» Work required
Which lines below contain "chuvas"? Pull them out.

» Supplied information

----

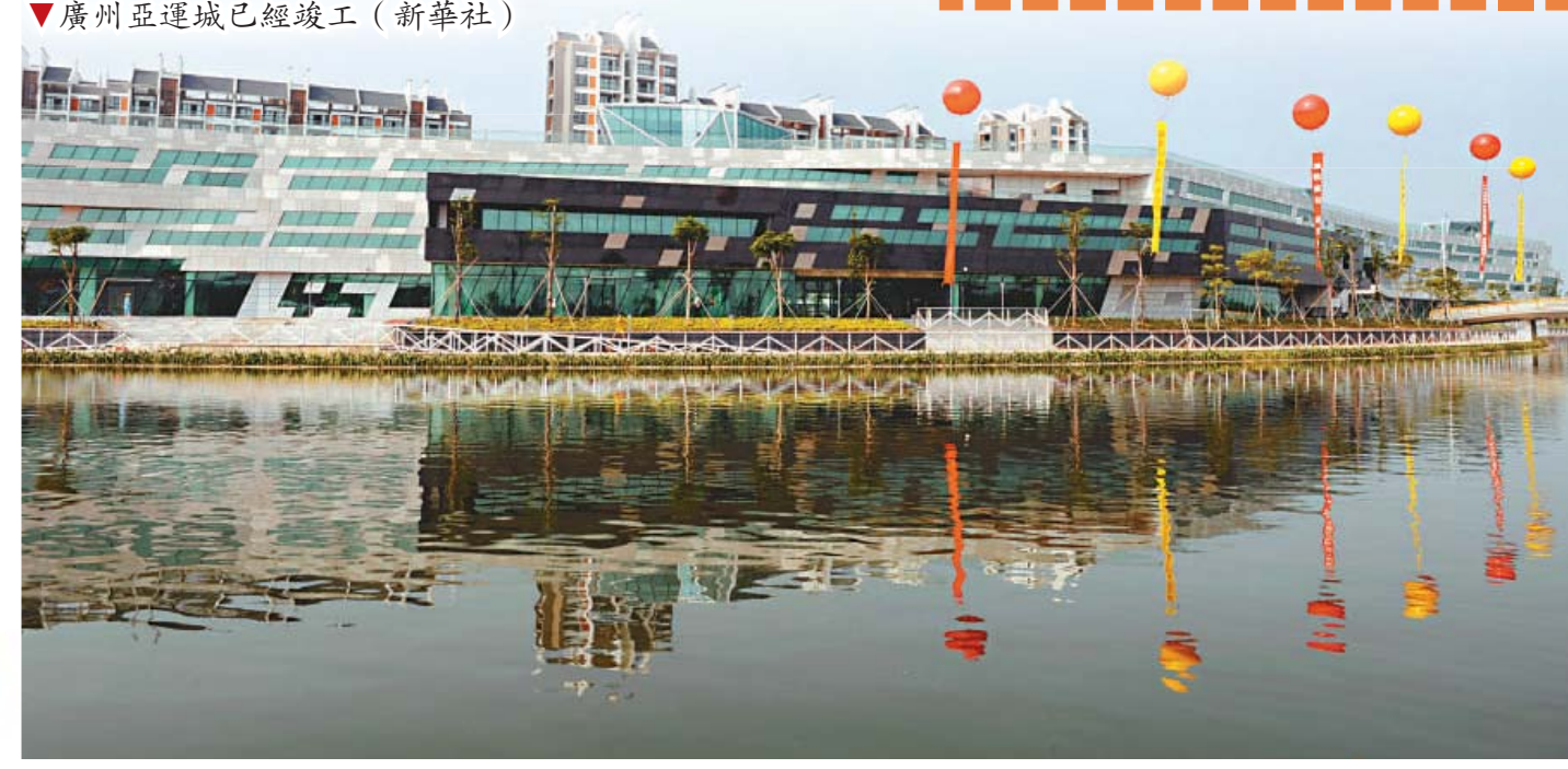
▼廣州亞運城已經竣工
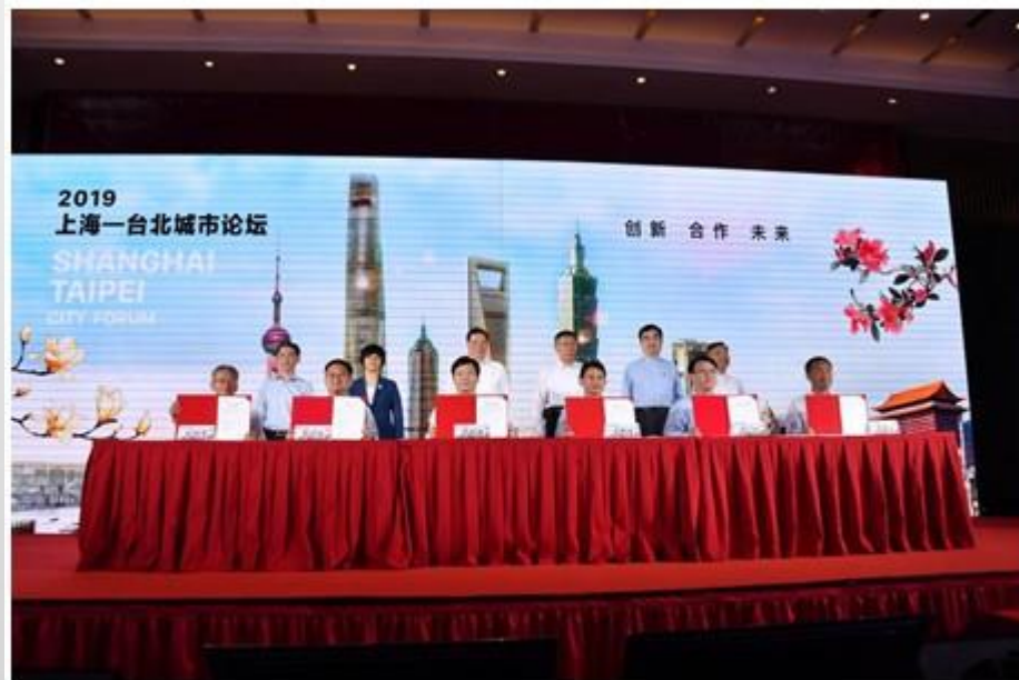
合作備忘錄簽署暨見證
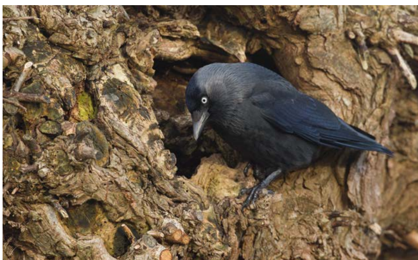
Rosl Roessner / LBV Bildarchiv

Dohle brüten natürlicher Weise in Baumhöhlen. Da sie gerne in Kolonien leben, brauchen sie mehrere geeignete Bäume beieinander. In unseren Forsten finden sie nur wenige dicke Bäume mit Höhlen ausreichender Größe. Deshalb brüten die meisten Dohlen in Kirchen und anderen Gebäuden. Durch das Anbringen von Nistkästen im Turm, kann eine Verschmutzung des Turminnenraums verhindert werden.
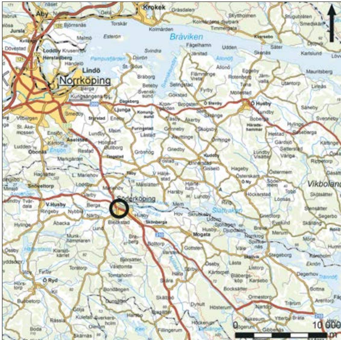
Figur 1. Karta över trakten kring Söderköping med den aktuella undersökningsplatsen markerad med en svart cirkel. Skala 1:250 000.
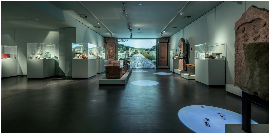
Objekt: „Raum Gräberfeld“ Kurpfälzisches Museum der Stadt Heidelberg Heidelberg

Choosing the right flooring is a hot topic in commercial areas which often see heavy traffic. A tough consistency and strong material is a prerequisite. PANDOMO® Loft not only withstands permanent strain, but also makes each room special, with its unique characteristics.
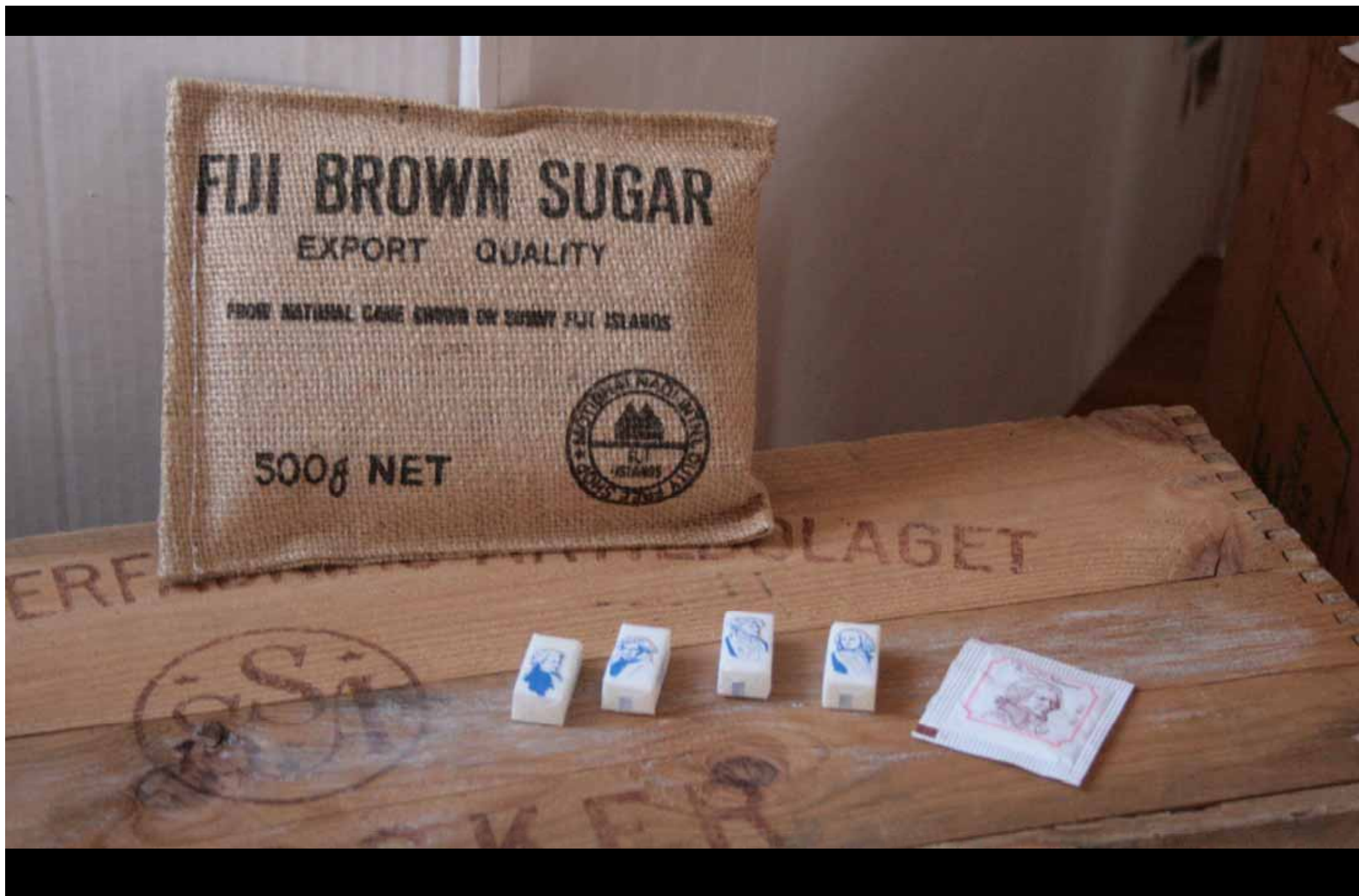
Utställningen "Udda samlingar och mera sansade". Taveljö hembygdsförening april 2007.
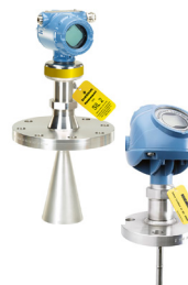
Rosemount 5408 e 5300 Radar non contatto e radar ad onda guidata
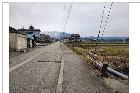
②町道西裏線用水路
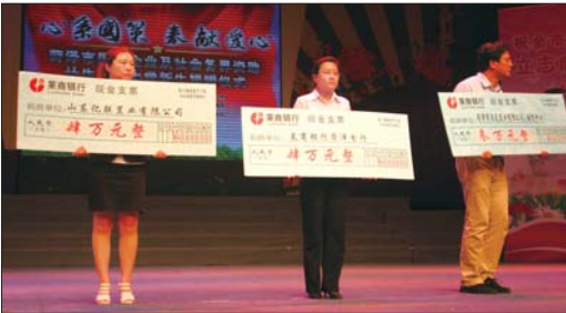
向菏泽贫困大学生捐款
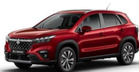
Energetic Red Pearl
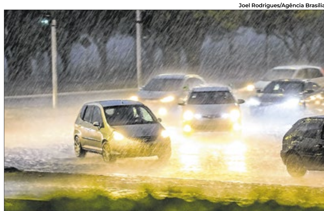
Depois do recorde da seca, chuvas vieram fortes para Brasília

Goiás deve enfrentar chuvas com granizo ao longo da semana, conforme o Centro de Informações Meteorológicas e Hidrológicas de Goiás (Cimehgo). Serão variações de sol e nebulosidade, com pancadas de chuva irregulares. A combinação de calor e umidade pode gerar tempestades.
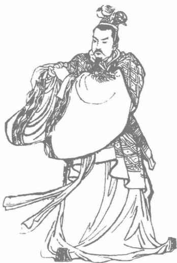
孟尝君食客三千，关键时刻还是靠鸡鸣狗盗之辈，保住了小命
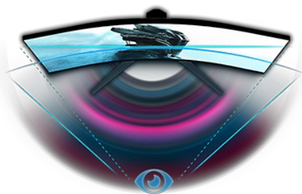
DESIGN COURBÉ 1500R

Les visuels sont encore affinés avec le DisplayHDR 400, apportant une luminosité et une clarté réalistes à chaque image. Pour garantir que votre visée soit aussi nette que l'image, la nouvelle fonction de réticule Target Assist offre une précision de niveau matériel.
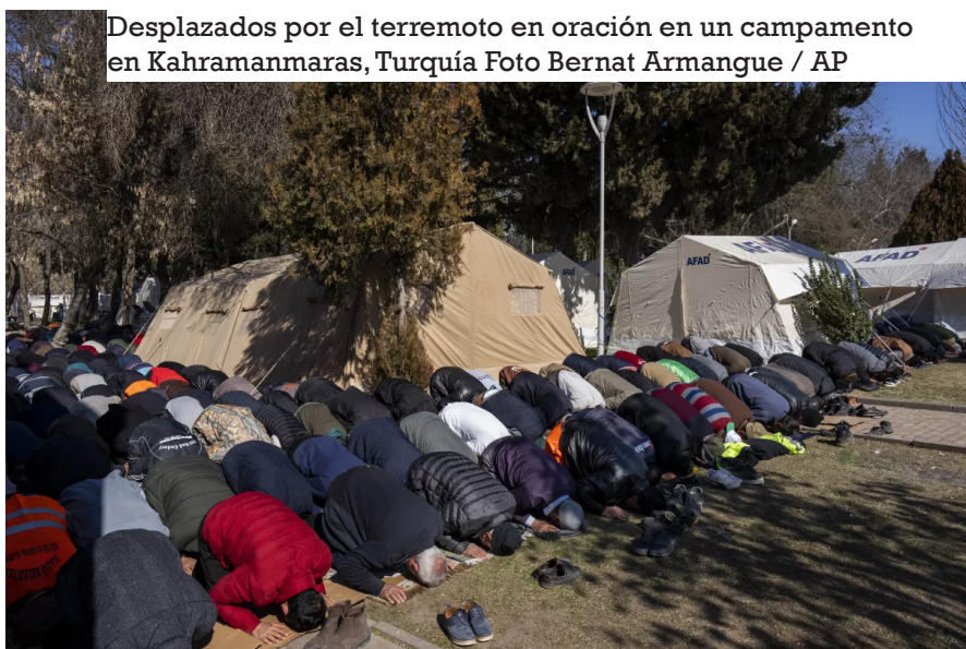
Desplazados por el terremoto en oración en un campamento en Kahramanmaras, Turquía

A este país que lleva 12 años sumido en una crisis profunda que, ha provocado 6,8 millones de desplazados internos, se le suma la tragedia del terremoto que complica muchísimo más su situación. Se estima que en Siria hay 5,3 millones de personas afectadas por el terremoto y por eso, ACNUR se está centrando en ofrecer artículos de refugio y socorro asegurándose que los centros colectivos donde están los desplazados cuenten con las instalaciones adecuadas. Además, están distribuyendo kits de artículos básicos de socorro (mantas térmicas, colchones, láminas plásticas y colchonetas), tiendas de campaña para familias y prendas de abrigo para soportar las bajas temperaturas en Aleppo, Homs y Tartous.
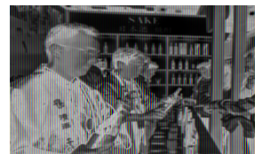
36平米(別途内装他)を含めた カスタムメイドブースのイメージ

■ 36 平米から (12平米単位で追加が可能) ※寸法はご相談。 平米単価: 27,000 円 972,000 円 ~ (18%) 平米単価: 180 ドル 6,480 ドル ~ (インド税込)
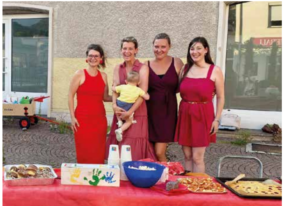
Das Elki setzte rote Akzente beim Langen Dienstag

ueberetsch-unterland/auer/ und unserer Facebook Seite!

----

» Answer space
Depois do recorde da seca, chuvas vieram fortes para Brasília
Goiás deve enfrentar chuvas com granizo ao longo da semana, conforme o Centro de Informações Meteorológicas e Hidrológicas de Goiás (Cimehgo). Serão variações de sol e nebulosidade, com pancadas de chuva irregulares. A combinação de calor e umidade pode gerar tempestades.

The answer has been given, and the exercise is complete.